• What this task involves
Your task is to transcribe the data exactly while omitting each picture.

━━━ Source data

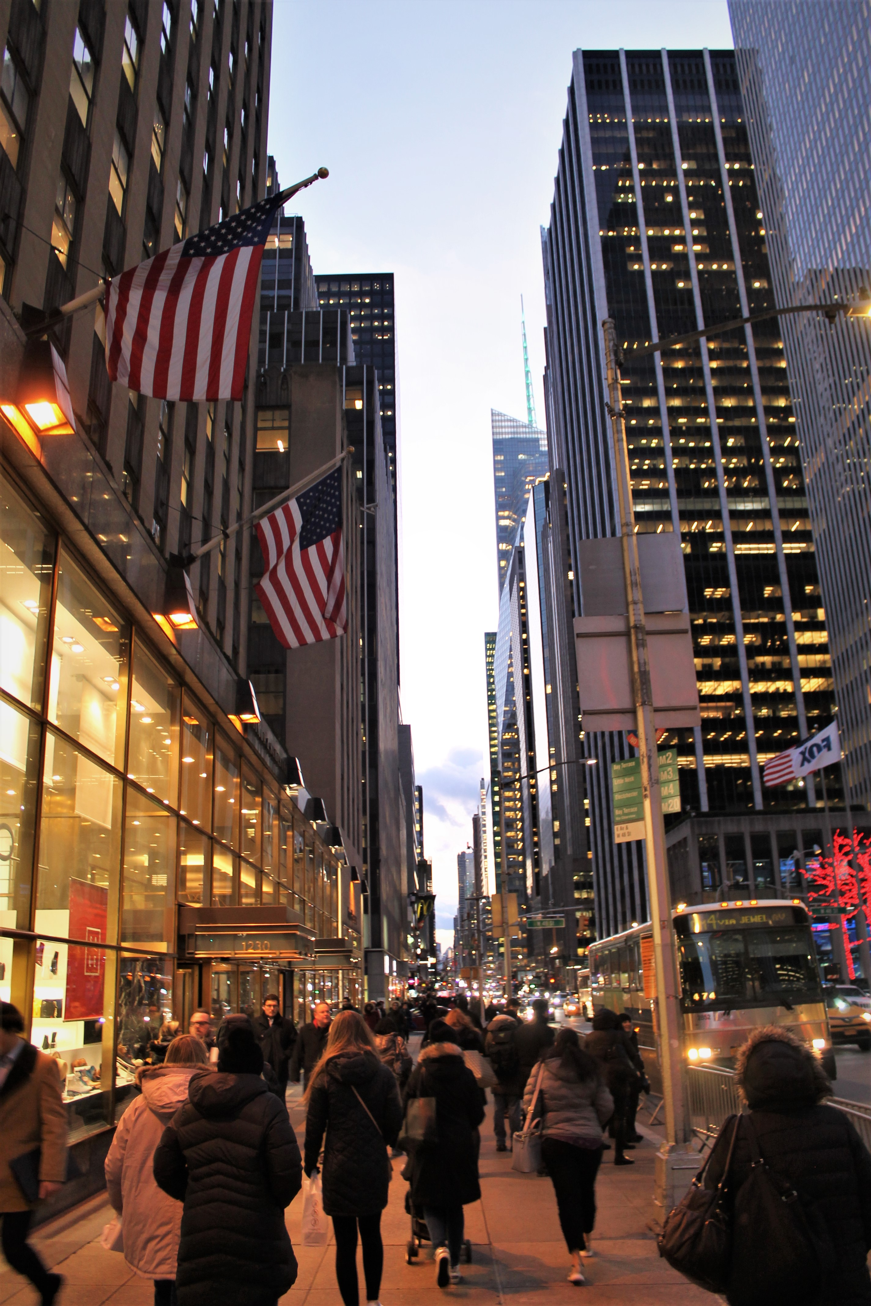 This photo is of the fast-paced streets of New York City, taken near Rockefeller Plaza in January 2020.
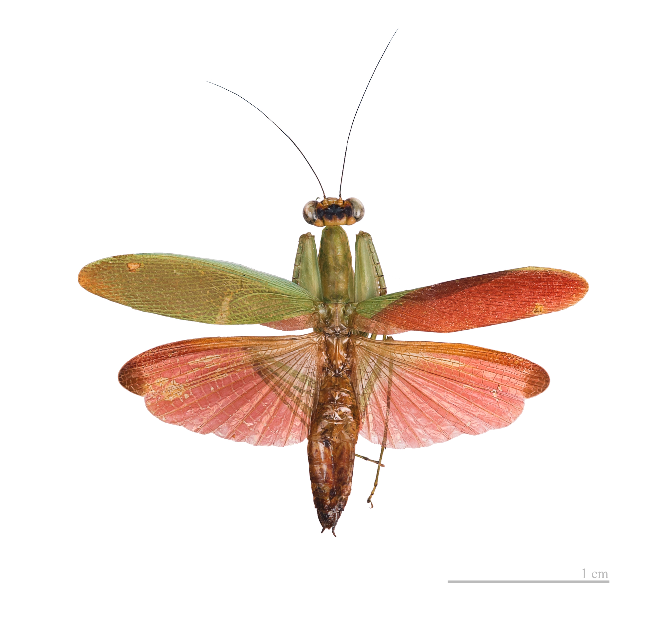 ♂ - Flying position Locality : Kaw road, Chemin Degrad Lalanne, French Guiana.
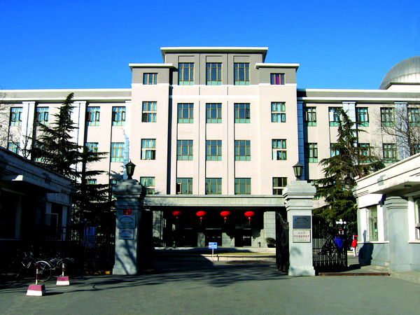 Façade of Huiwen Middle School before renovation in 2014
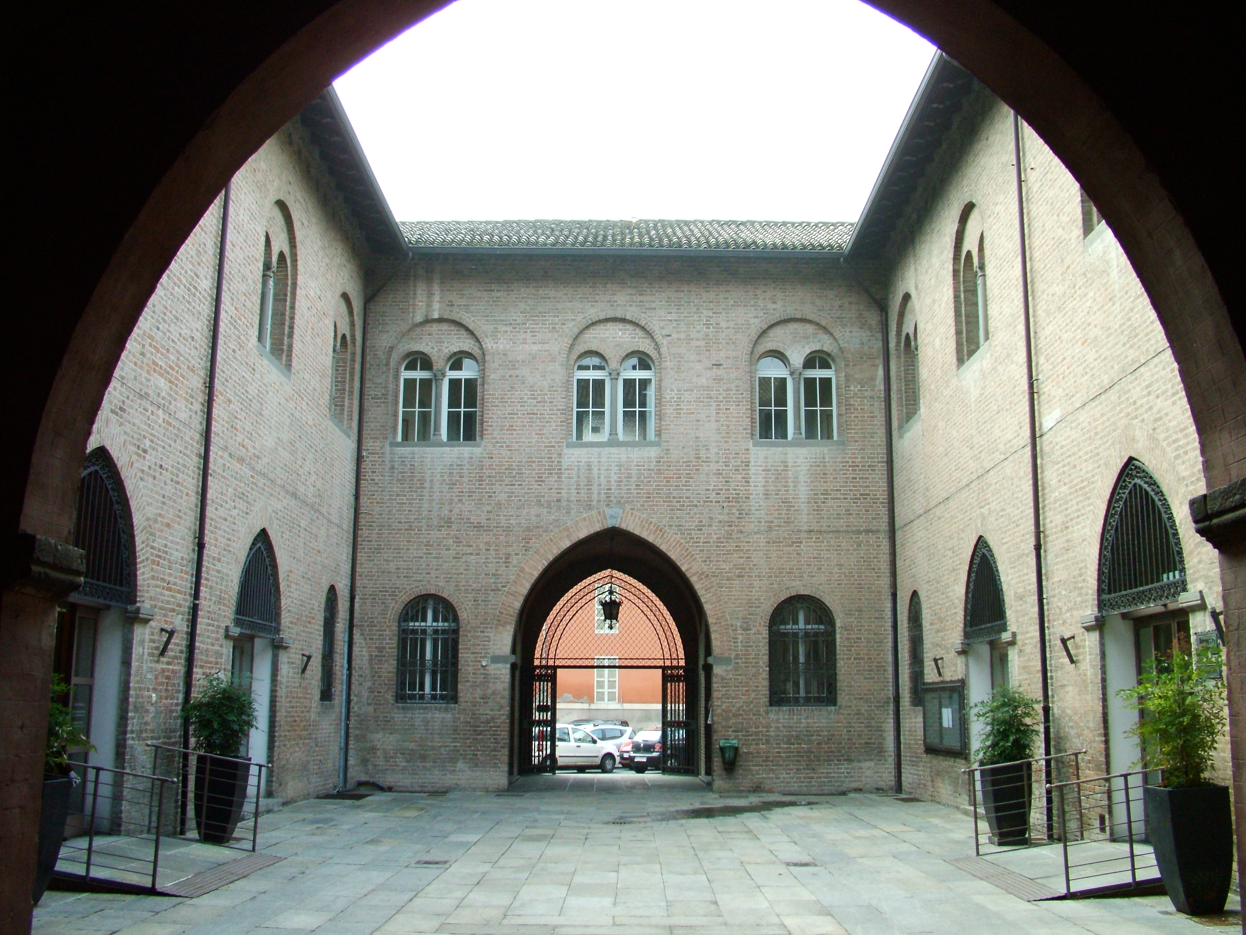 A views from the entrance of piazza Garibaldi in the courtyard of city hall of Fidenza, province of Parma, Italy.

━━━━━━

• Result for this task
 This photo is of the fast-paced streets of New York City, taken near Rockefeller Plaza in January 2020.
 ♂ - Flying position Locality : Kaw road, Chemin Degrad Lalanne, French Guiana.
 Façade of Huiwen Middle School before renovation in 2014
 A views from the entrance of piazza Garibaldi in the courtyard of city hall of Fidenza, province of Parma, Italy.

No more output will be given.